Extracted entries: Begin

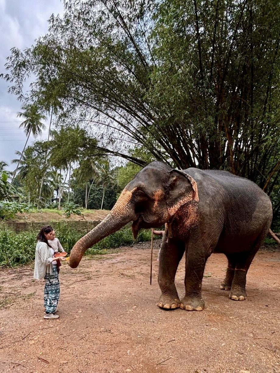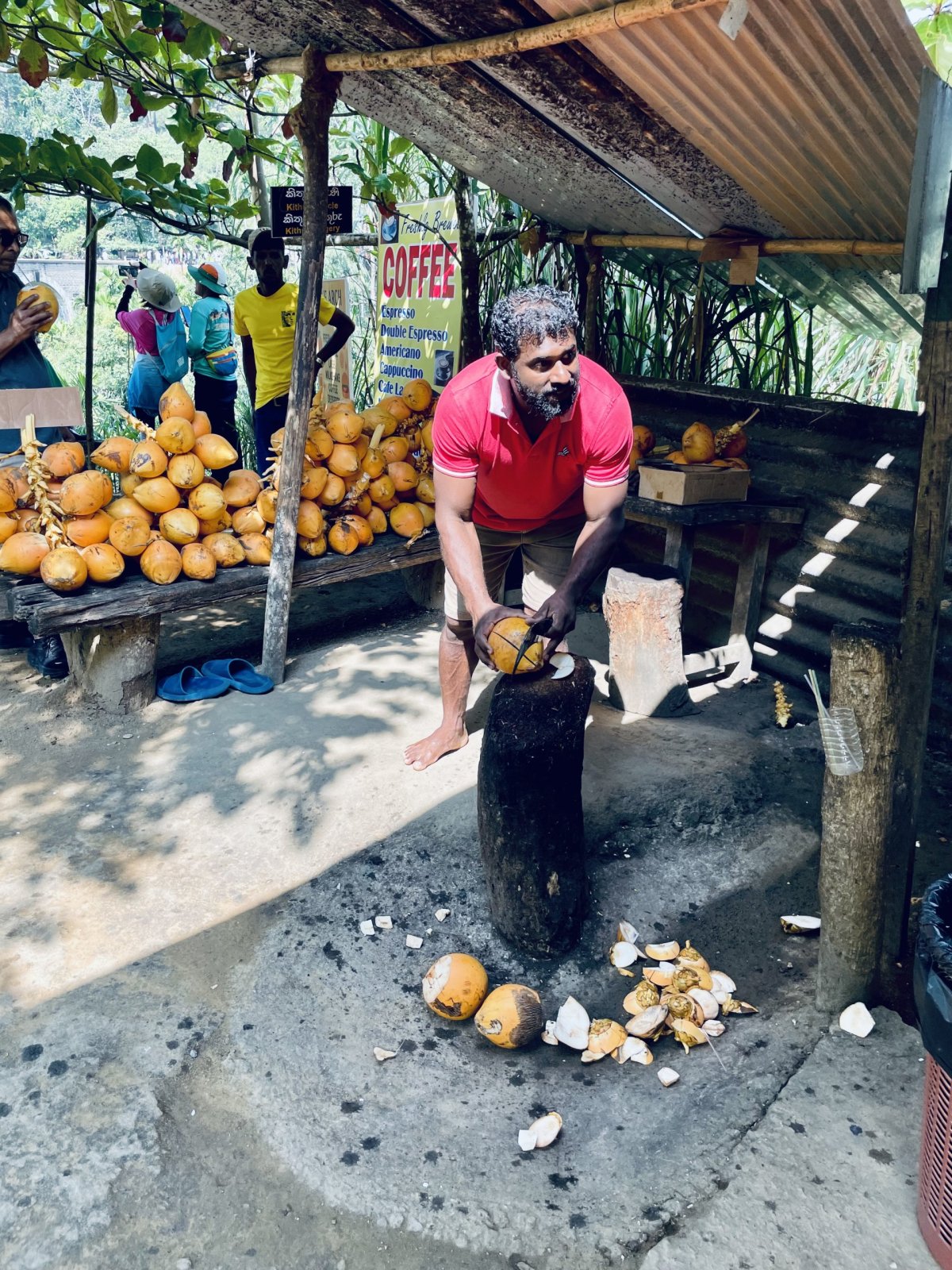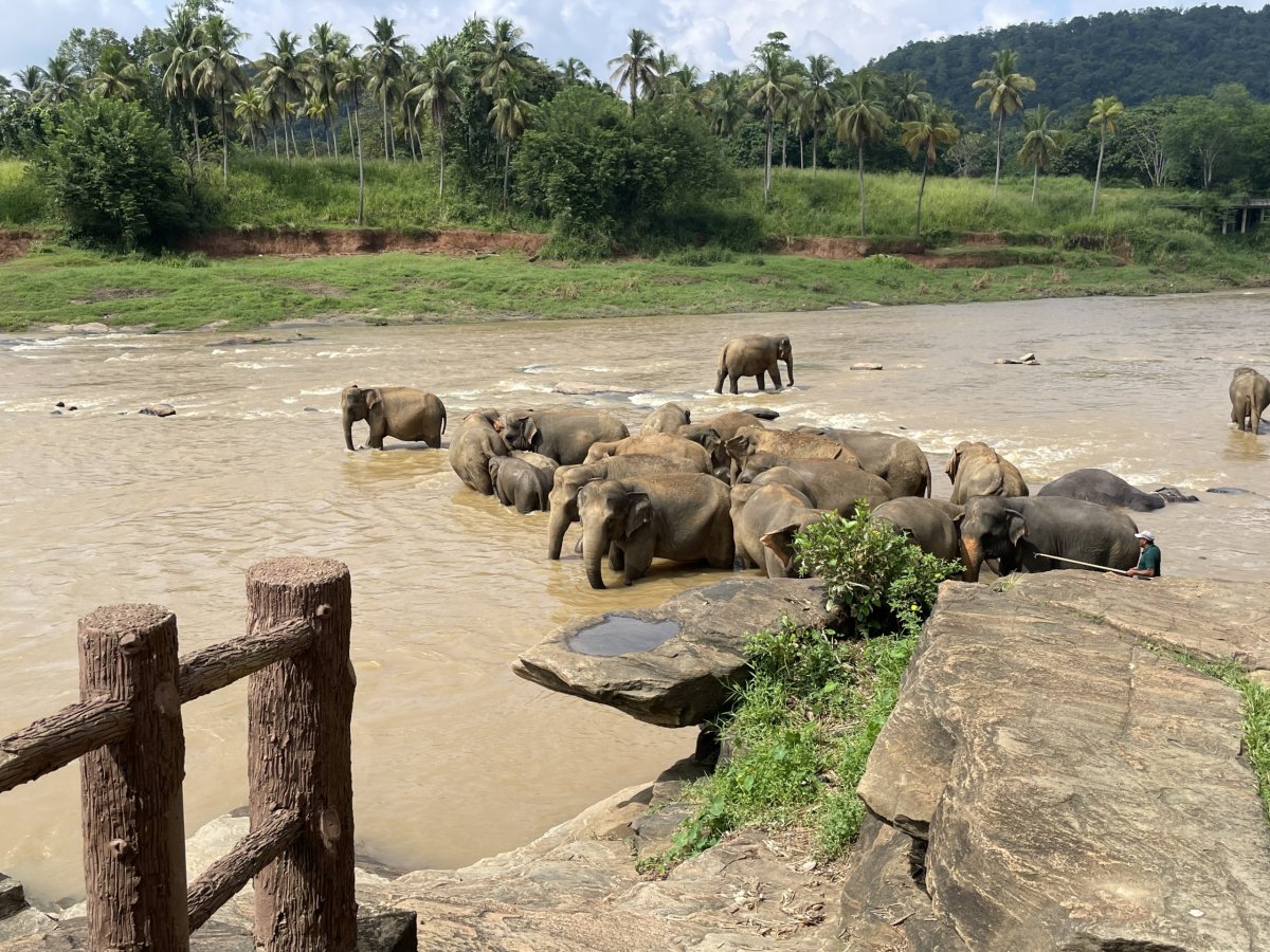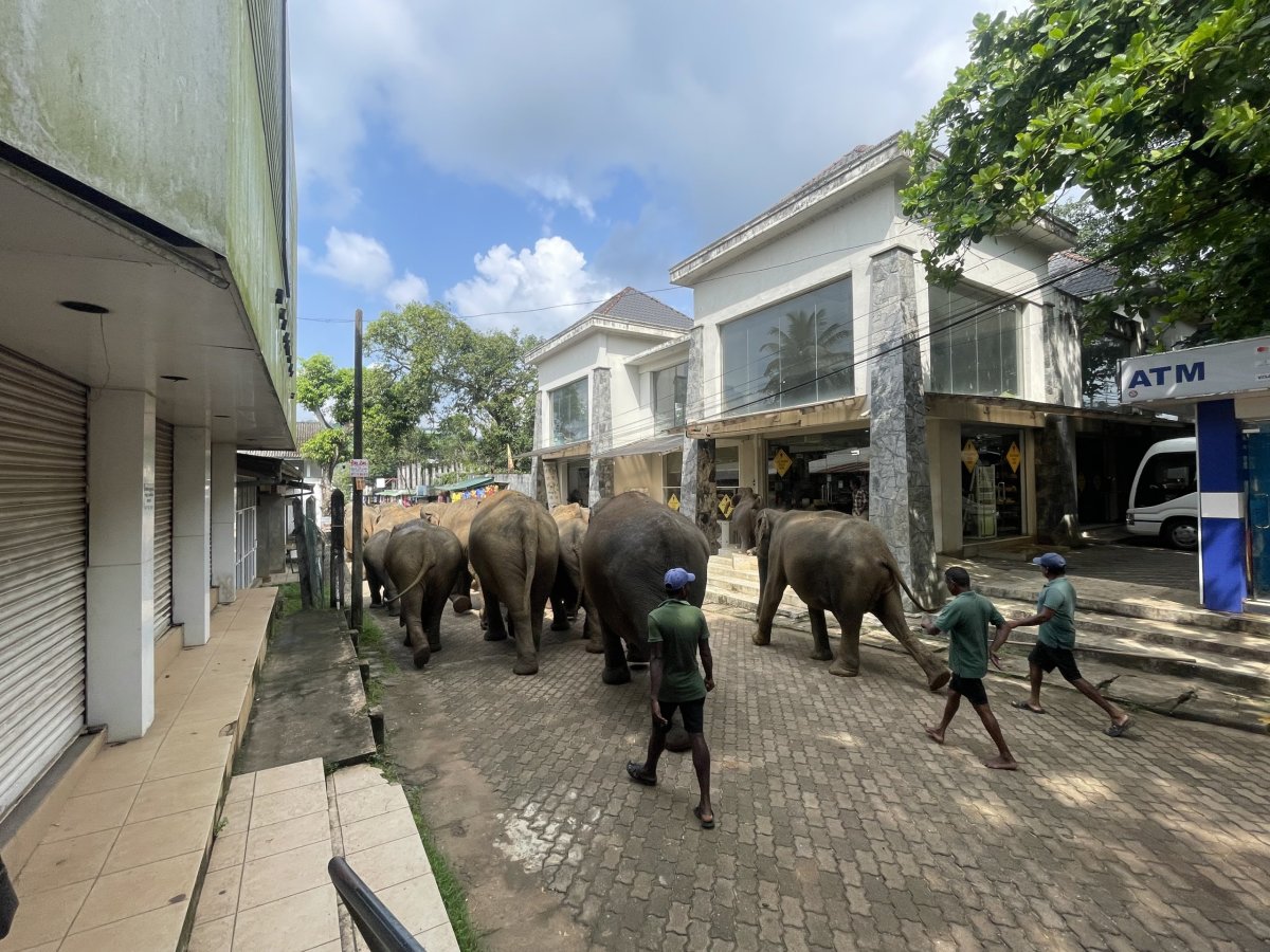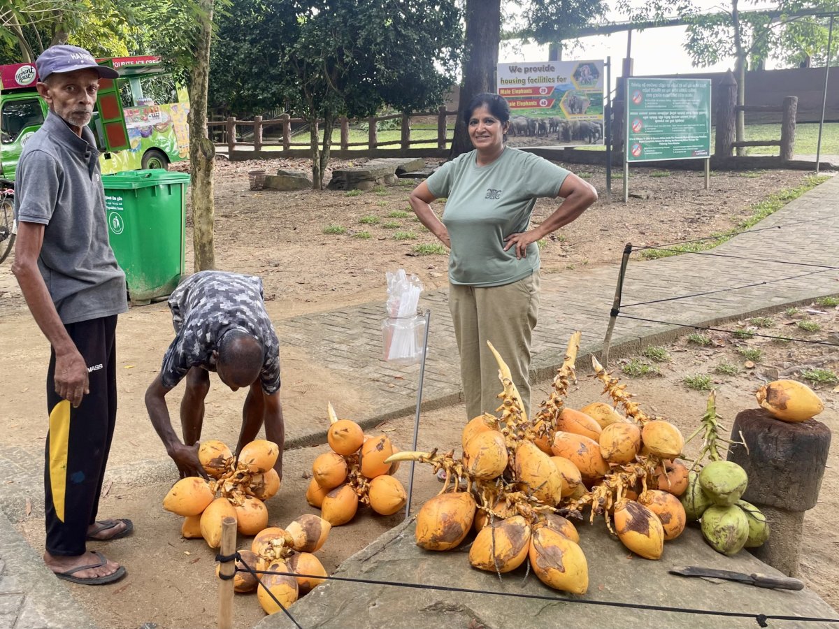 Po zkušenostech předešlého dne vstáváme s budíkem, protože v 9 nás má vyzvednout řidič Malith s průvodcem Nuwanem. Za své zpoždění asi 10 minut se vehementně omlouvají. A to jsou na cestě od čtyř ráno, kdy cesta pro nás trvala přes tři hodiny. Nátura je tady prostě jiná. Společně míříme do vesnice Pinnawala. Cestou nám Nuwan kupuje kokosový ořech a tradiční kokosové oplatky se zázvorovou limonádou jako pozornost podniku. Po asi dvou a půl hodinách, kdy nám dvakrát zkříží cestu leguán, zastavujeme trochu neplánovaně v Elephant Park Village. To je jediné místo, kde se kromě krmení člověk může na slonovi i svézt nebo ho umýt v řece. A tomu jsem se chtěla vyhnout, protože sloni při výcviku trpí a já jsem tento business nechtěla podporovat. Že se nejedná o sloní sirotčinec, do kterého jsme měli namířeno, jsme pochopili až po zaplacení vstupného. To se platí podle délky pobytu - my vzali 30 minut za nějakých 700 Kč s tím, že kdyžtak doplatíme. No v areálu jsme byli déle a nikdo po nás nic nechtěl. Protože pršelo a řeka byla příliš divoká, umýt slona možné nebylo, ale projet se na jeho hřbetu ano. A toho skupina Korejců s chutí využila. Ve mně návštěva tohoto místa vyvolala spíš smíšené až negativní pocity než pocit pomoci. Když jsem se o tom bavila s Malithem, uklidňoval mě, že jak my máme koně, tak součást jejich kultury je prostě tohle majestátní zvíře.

Extracted entries: End
Extracted entries: Begin

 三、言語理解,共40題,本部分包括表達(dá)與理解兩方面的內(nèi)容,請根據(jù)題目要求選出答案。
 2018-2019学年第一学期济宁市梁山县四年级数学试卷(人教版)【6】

Extracted entries: End
Extracted entries: Begin

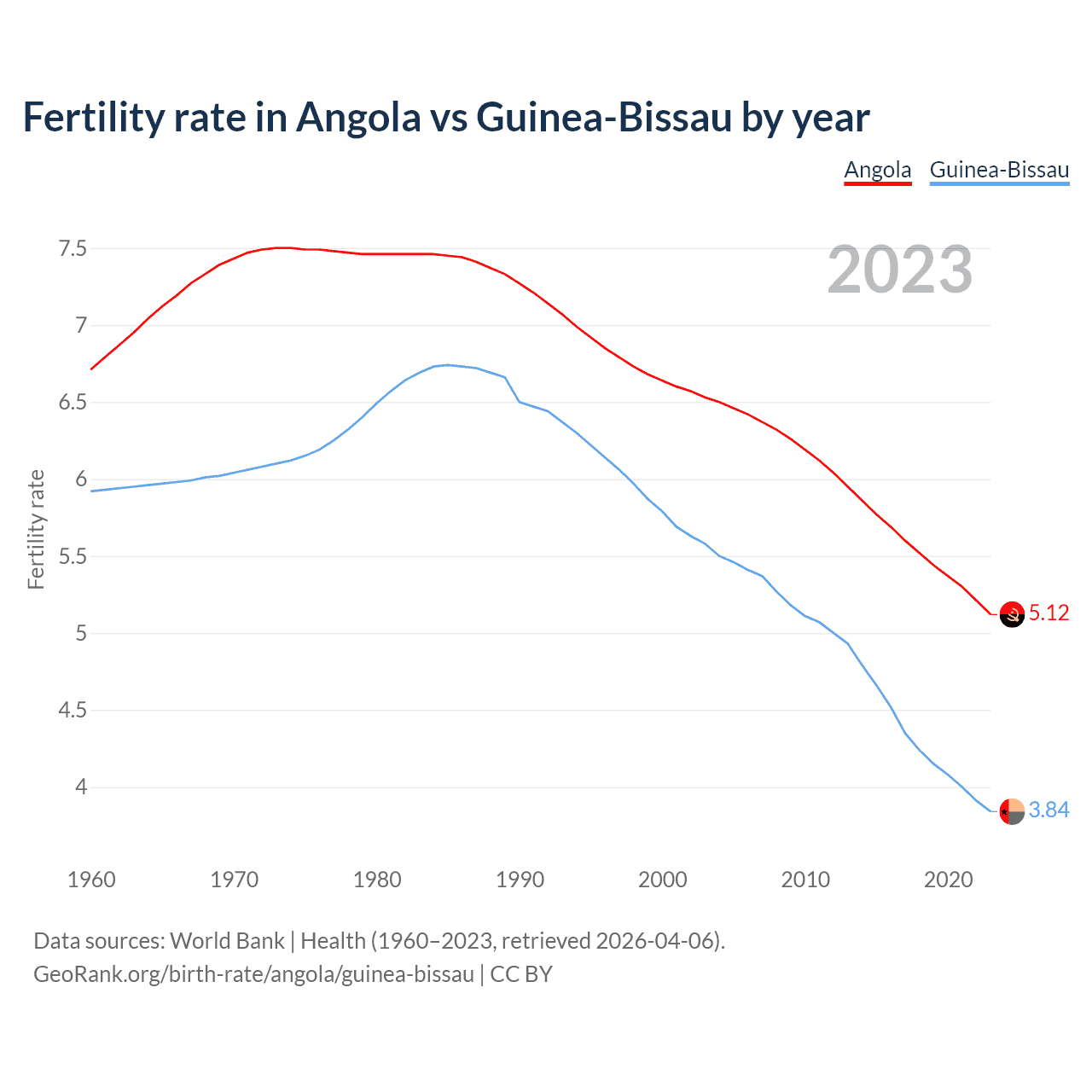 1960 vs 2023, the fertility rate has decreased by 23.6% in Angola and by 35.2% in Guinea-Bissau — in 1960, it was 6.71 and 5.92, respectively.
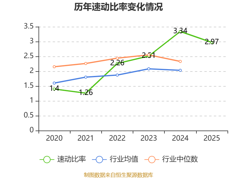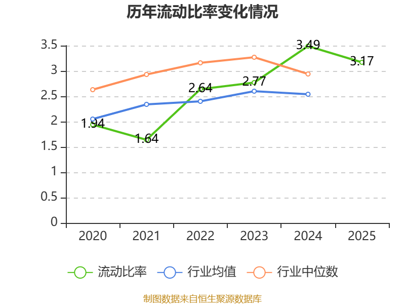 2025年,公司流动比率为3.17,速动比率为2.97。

Extracted entries: End

### Aim of the task
Copy nothing but the lines above that run from the one with "1960 vs 2023, the" to the one with "2025年,公司流动比率为3.17,速动比率为2.97。", ends included; pictures stay out.

### Written answer
 1960 vs 2023, the fertility rate has decreased by 23.6% in Angola and by 35.2% in Guinea-Bissau — in 1960, it was 6.71 and 5.92, respectively.
 2025年,公司流动比率为3.17,速动比率为2.97。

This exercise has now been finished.